Authors are expected to consider the ethical implications and potential societal impact of their work. Papers that raise ethical concerns, such as those involving human subjects, user data, or real-world vulnerability analysis, must include a dedicated "Ethical Considerations" section. This section should discuss the balance of risks vs. benefits and the steps taken to minimize potential harm (e.g., responsible disclosure, data anonymization). Note that institutional (IRB/ERB) approval is neither strictly necessary nor always sufficient to demonstrate ethical conduct; we expect authors to reason about the ethics of their work beyond ensuring institutional compliance. For detailed guidance on community standards, we follow the USENIX Security'26 Ethics Policy. This section does not count toward the page limit and should be placed after the 12-page main content.
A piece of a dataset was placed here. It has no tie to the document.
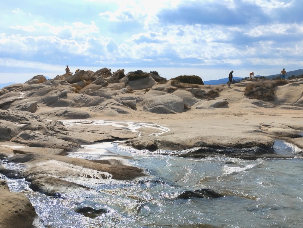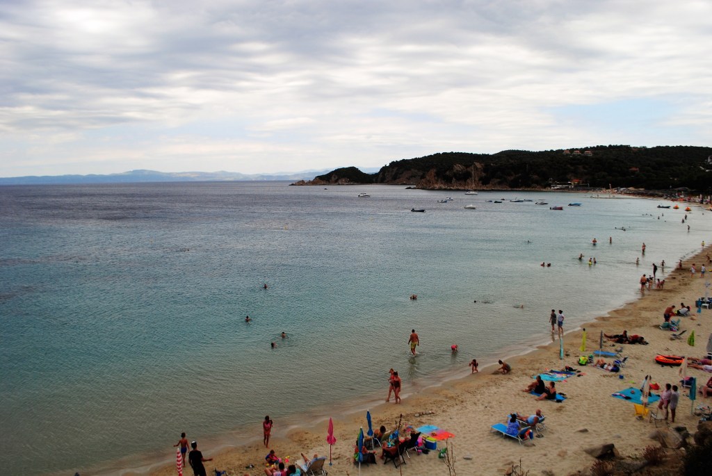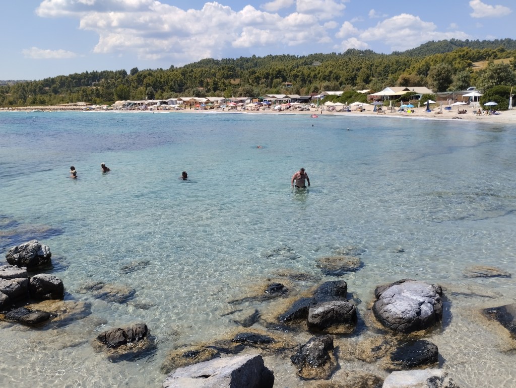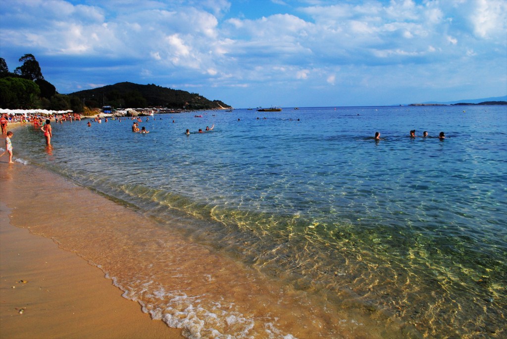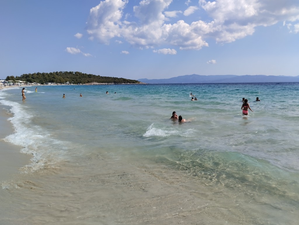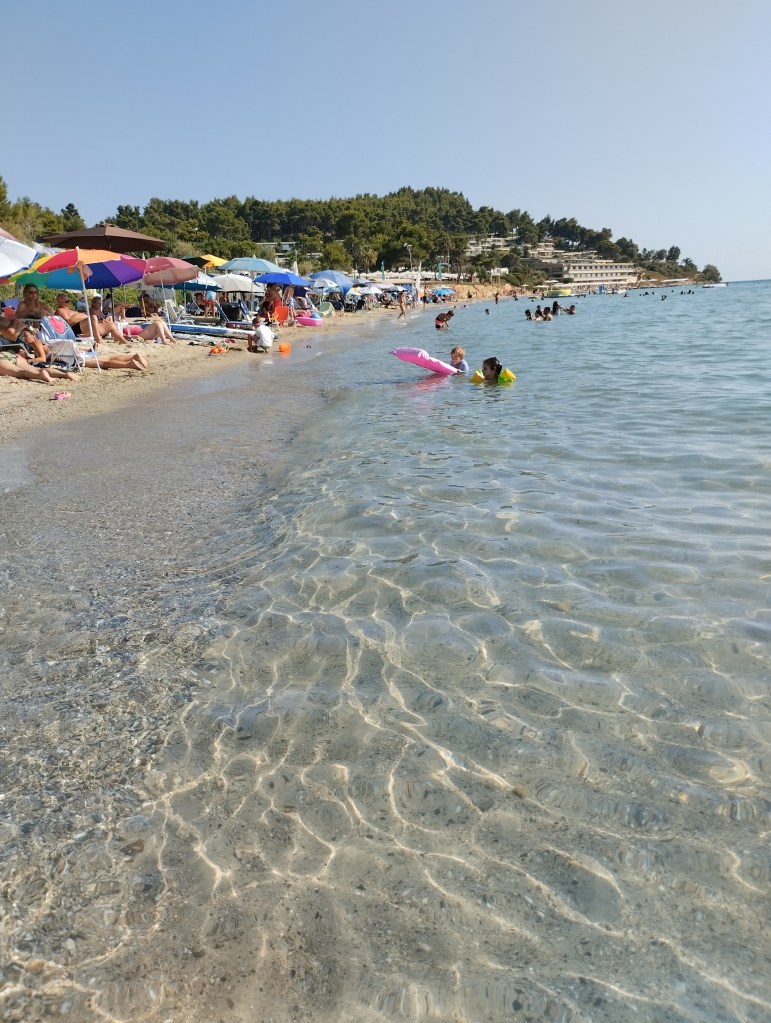 L’Asteris Hotel si trova nella parte iniziale del dito centrale della Calcidica, posizione strategica per raggiungere nell’arco di poco più di un’ora tutto il suo territorio. Oggi ci si dirige verso la Golden Beach a Pallini, sul lato rivolto a est di Kassandra con poco più di un’ora di percorso in auto. La spiaggia è attrezzata con suggestivi lidi e beach bar, ma la spiaggia e il parcheggio libero sono sempre garantiti e considerando che nel nostro programma ci sono più location al giorno, non ci va di investire in ombrelloni e lettini…del resto il relax non fa per noi! Un mare dall’acqua spettacolare si staglia su una sabbia chiarissima, con pochi scogli, adatta alle bambine perché il fondale degrada molto lentamente. La bellezza della Penisola Calcidica, tuttavia, sta in un fatto che bisogna sapere nel momento in cui ci si trova in quelle zone, per evitare di rovinarsi le vacanze: se c’è vento e mare mosso sul versante orientale dei tre denti, occorre recarsi sul versante esposto a ovest e viceversa!

This edition of ACM CCS adopts an Open Science policy to strengthen the transparency, reproducibility, and long-term impact of published research. Authors are expected to share the artifacts underlying their results (such as code, datasets, models, scripts, and documentation) whenever legally, ethically, and practically possible. Each submitted paper must include an ``Open Science" appendix. More details can be found on the conference call for papers page.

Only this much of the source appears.